[TASK STATEMENT]
The entries are to be output word for word, with the pictures omitted.
==== THE DATA ====
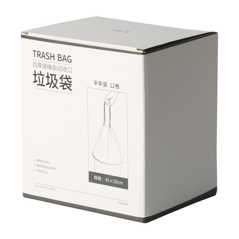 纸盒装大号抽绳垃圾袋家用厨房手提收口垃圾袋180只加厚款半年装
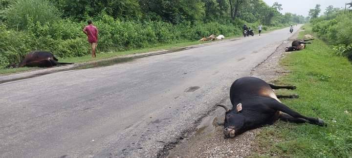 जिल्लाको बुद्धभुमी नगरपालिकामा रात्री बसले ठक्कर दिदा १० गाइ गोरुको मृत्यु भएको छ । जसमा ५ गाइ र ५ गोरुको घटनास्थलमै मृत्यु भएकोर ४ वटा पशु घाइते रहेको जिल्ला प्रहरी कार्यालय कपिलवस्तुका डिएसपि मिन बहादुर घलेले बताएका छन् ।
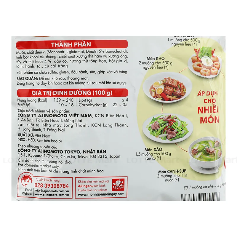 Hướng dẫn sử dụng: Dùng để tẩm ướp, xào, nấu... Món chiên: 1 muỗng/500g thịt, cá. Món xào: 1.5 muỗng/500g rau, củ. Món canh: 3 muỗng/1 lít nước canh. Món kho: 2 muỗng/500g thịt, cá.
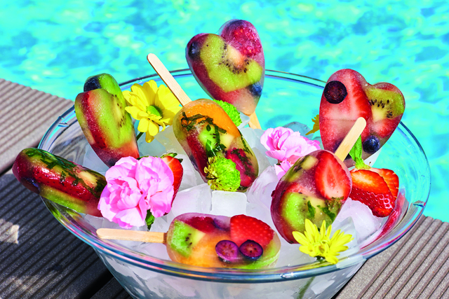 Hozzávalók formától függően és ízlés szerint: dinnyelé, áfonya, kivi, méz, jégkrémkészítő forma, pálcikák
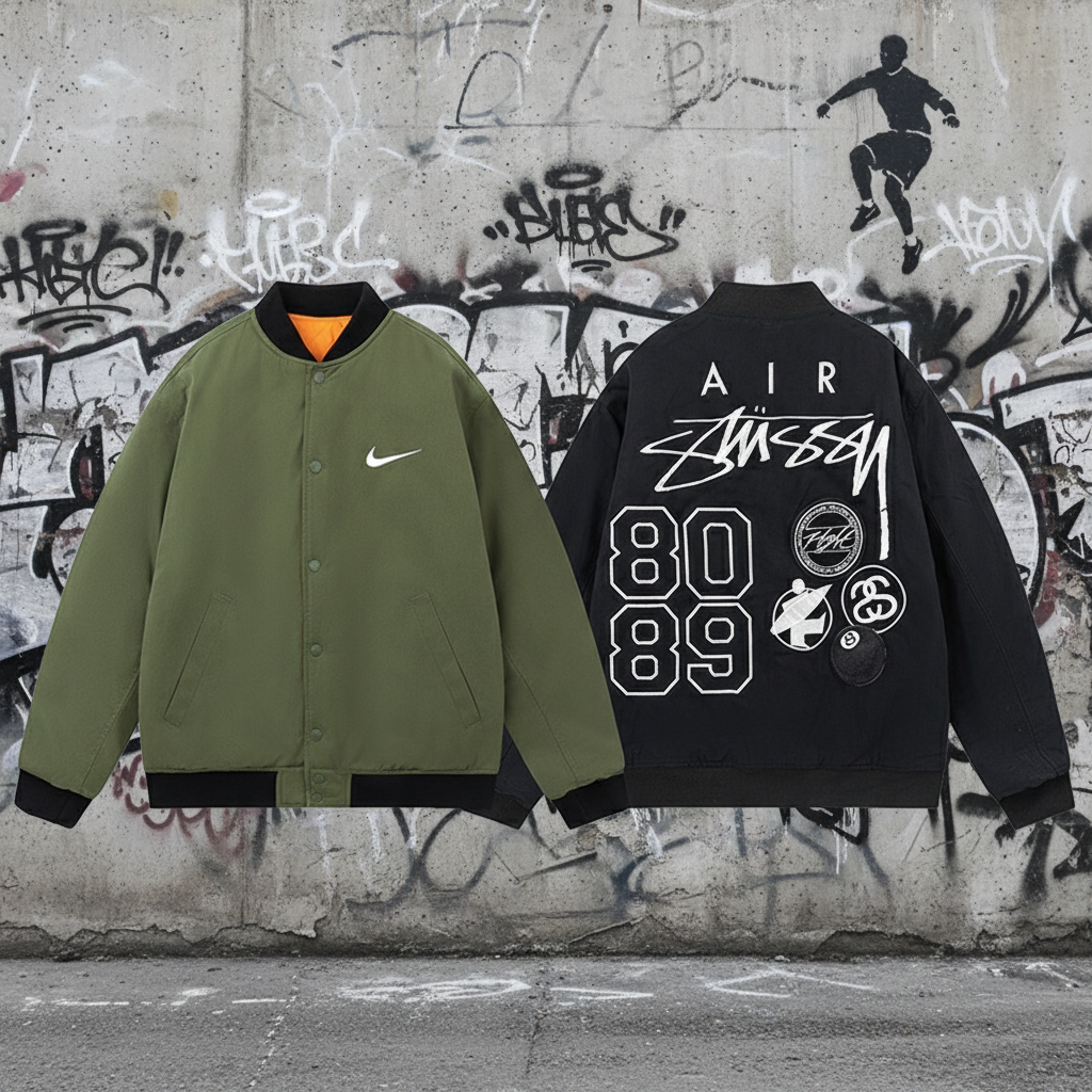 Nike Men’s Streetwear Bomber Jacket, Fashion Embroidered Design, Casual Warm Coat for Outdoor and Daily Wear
====
[WRITTEN SOLUTION]
 纸盒装大号抽绳垃圾袋家用厨房手提收口垃圾袋180只加厚款半年装
 जिल्लाको बुद्धभुमी नगरपालिकामा रात्री बसले ठक्कर दिदा १० गाइ गोरुको मृत्यु भएको छ । जसमा ५ गाइ र ५ गोरुको घटनास्थलमै मृत्यु भएकोर ४ वटा पशु घाइते रहेको जिल्ला प्रहरी कार्यालय कपिलवस्तुका डिएसपि मिन बहादुर घलेले बताएका छन् ।
 Hướng dẫn sử dụng: Dùng để tẩm ướp, xào, nấu... Món chiên: 1 muỗng/500g thịt, cá. Món xào: 1.5 muỗng/500g rau, củ. Món canh: 3 muỗng/1 lít nước canh. Món kho: 2 muỗng/500g thịt, cá.
 Hozzávalók formától függően és ízlés szerint: dinnyelé, áfonya, kivi, méz, jégkrémkészítő forma, pálcikák
 Nike Men’s Streetwear Bomber Jacket, Fashion Embroidered Design, Casual Warm Coat for Outdoor and Daily Wear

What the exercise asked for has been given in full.